Samples for extracellular metabolite were obtained by rapid sampling of broth with immediate cooling to 0°C and fast filtration, using the cold steel-bead method and analyzed using high-performance liquid chromatography (HPLC) with a Bio-Rad Aminex column at a temperature of 60°C. The mobile phase was 5.0 mM phosphoric acid of which the flow rate was set to 0.6 mL/min.
Free intracellular amino acid analysis
The intracellular concentrations of Ala, Val, Leu, Ile, Thr, Asn, Asp, Met, Trp, His, Pro, Glu, Gln, Orn, Lys, Tyr and Phe were determined by GC-MS. Briefly, 100 μL of sample were transferred to a glass vial, 30 μL of 100 mg/mL NaCl were added and the mixture was lyophilized. 75 μL acetonitrile and 75 μL of N-methyl-N-(tert- butyldimethylsilyl)trifluoroacetamide (MTBSTFA, Thermo Scientific) were added and the vial was incubated for 1 h at 70°C. Subsequently, the sample was centrifuged (10,000 g, 2 min) and 60 μL of the supernatant were transferred to a GC glass vial with an insert. The sample was then analyzed by GC–MS instrument coupled to a 5975 C MSD single quadrupole mass spectrometer (Agilent, Santa Clara, CA, USA). Glycine levels were also measured in this analysis; however, the obtained results were not included as the values were found to be inconsistent. Quantification was based on isotope dilution mass spectrometry (IDMS). In total, 17 amino acids were analyzed plus Glycine.
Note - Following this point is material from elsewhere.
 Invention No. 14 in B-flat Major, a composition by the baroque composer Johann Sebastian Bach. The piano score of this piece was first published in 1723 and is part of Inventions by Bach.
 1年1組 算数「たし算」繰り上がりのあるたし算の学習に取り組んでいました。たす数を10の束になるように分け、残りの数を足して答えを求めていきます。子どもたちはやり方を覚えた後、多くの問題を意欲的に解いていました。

In order to graphically visualize the obtained intracellular quantification together with the central carbon metabolism and amino acid biosynthetic pathways the VANTED software was used.
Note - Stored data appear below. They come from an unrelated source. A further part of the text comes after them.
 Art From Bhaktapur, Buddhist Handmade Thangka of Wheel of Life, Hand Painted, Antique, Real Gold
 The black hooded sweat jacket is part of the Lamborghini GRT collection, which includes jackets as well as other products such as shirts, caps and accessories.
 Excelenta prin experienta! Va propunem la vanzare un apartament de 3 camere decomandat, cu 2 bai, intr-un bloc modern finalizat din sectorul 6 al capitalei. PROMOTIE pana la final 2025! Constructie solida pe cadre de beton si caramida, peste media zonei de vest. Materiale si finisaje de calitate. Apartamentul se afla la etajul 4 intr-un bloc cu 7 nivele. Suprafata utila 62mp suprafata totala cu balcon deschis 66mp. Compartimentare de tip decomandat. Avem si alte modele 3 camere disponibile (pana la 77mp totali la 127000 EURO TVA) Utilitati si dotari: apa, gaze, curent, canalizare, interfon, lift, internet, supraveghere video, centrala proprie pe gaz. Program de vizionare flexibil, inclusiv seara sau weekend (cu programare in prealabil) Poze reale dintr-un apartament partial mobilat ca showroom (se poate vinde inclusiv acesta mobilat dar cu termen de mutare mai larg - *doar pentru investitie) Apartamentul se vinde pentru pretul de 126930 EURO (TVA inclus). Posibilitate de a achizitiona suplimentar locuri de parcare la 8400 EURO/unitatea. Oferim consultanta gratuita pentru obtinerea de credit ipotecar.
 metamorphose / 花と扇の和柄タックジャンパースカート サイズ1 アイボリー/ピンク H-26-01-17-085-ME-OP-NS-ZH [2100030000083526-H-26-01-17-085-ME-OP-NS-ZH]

Antibody fragment quantification
Fab amounts in soluble cell extracts and in culture broths were performed by means of a sandwich ELISA assay as previously described.
Principal component analysis
Reference values for each amino acid pool level were calculated as mean of all measurements independently of the strain or oxygen availability. Afterwards, for each condition, the specific amino acid measurements were divided by the reference value to obtain a free scale value of its variation. These relative fold changes for each condition were illustrated through PCA using the xlstat plug-in software for Excel.
Determination of energy and degree of reduction for amino acid synthesis
The degree of reduction of each amino acid were calculated using the amino acid molecular formulas as explained elsewhere. Energy costs for the biosynthesis of each amino acid were taken from previously published data for S. cerevisiae growing under aerobic conditions as both yeast share equal amino acid biosynthetic pathways[7, 8, 11].
This work has been supported by the Spanish program on Chemical Process Technologies (project CTQ2010-15131) of the Spanish Ministry of Science and Innovation, the Generalitat de Catalunya (Contract Grant 2009-SGR-281 and Xarxa de Referència en Biotecnologia) and the Spanish Ministry scholarship TME2009-00591.